_Source material_

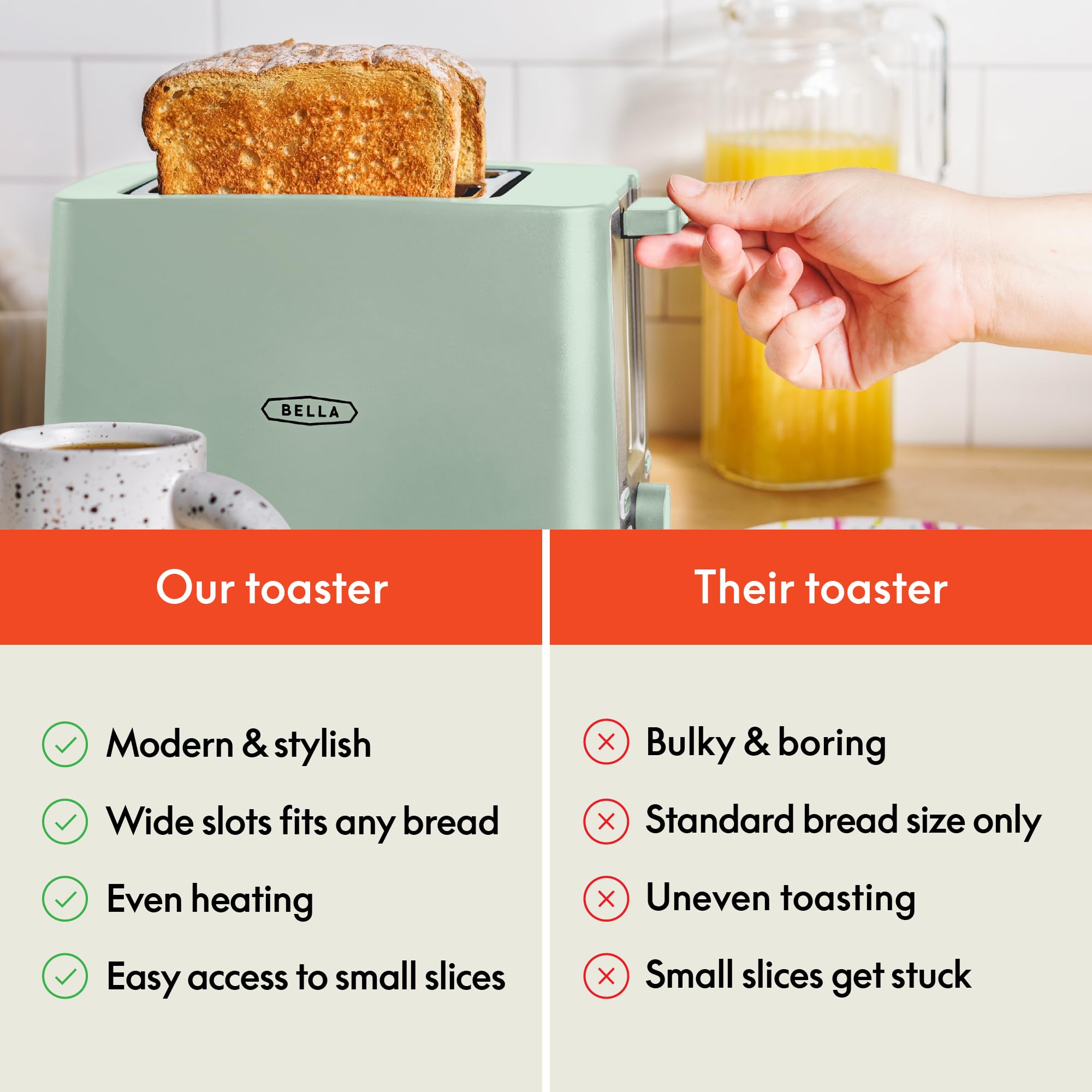 SAFE FOR THE WHOLE FAMILY - BELLA's bread toaster features an anti-jam and auto shut-off function to provide an extra layer of safety and if you change your mind, the reheat function and cancel button will let you take full control of your breakfast
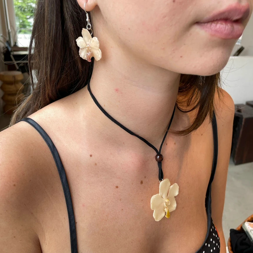 Suede cord necklace with real 5 cm white Vanda orchid pendant and matching orchid earrings. Adjustable suede tie and sterling silver hooks.
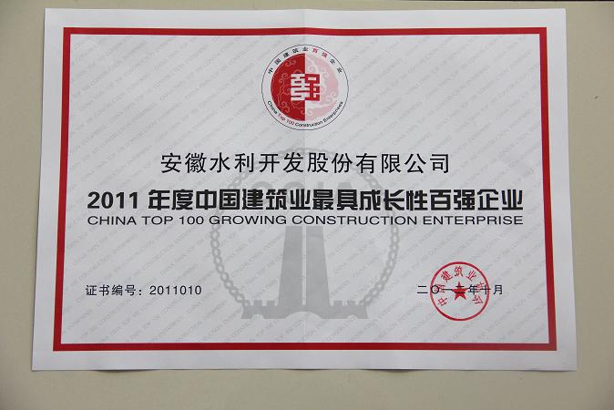 10月22日,從2011年度中國建筑業(yè)企業(yè)雙百強暨2012年度全國建筑業(yè)AAA級信用企業(yè)發(fā)布會上傳來喜訊,安徽水利榮獲2011年度中國建筑業(yè)最具成長性百強企業(yè)第十名。

_Work order_
Your answer should consist solely of the lines from the line with "Suede cord necklace" to the final line of the listing, set down word for word, pictures omitted.

_Output below_
 Suede cord necklace with real 5 cm white Vanda orchid pendant and matching orchid earrings. Adjustable suede tie and sterling silver hooks.
 10月22日,從2011年度中國建筑業(yè)企業(yè)雙百強暨2012年度全國建筑業(yè)AAA級信用企業(yè)發(fā)布會上傳來喜訊,安徽水利榮獲2011年度中國建筑業(yè)最具成長性百強企業(yè)第十名。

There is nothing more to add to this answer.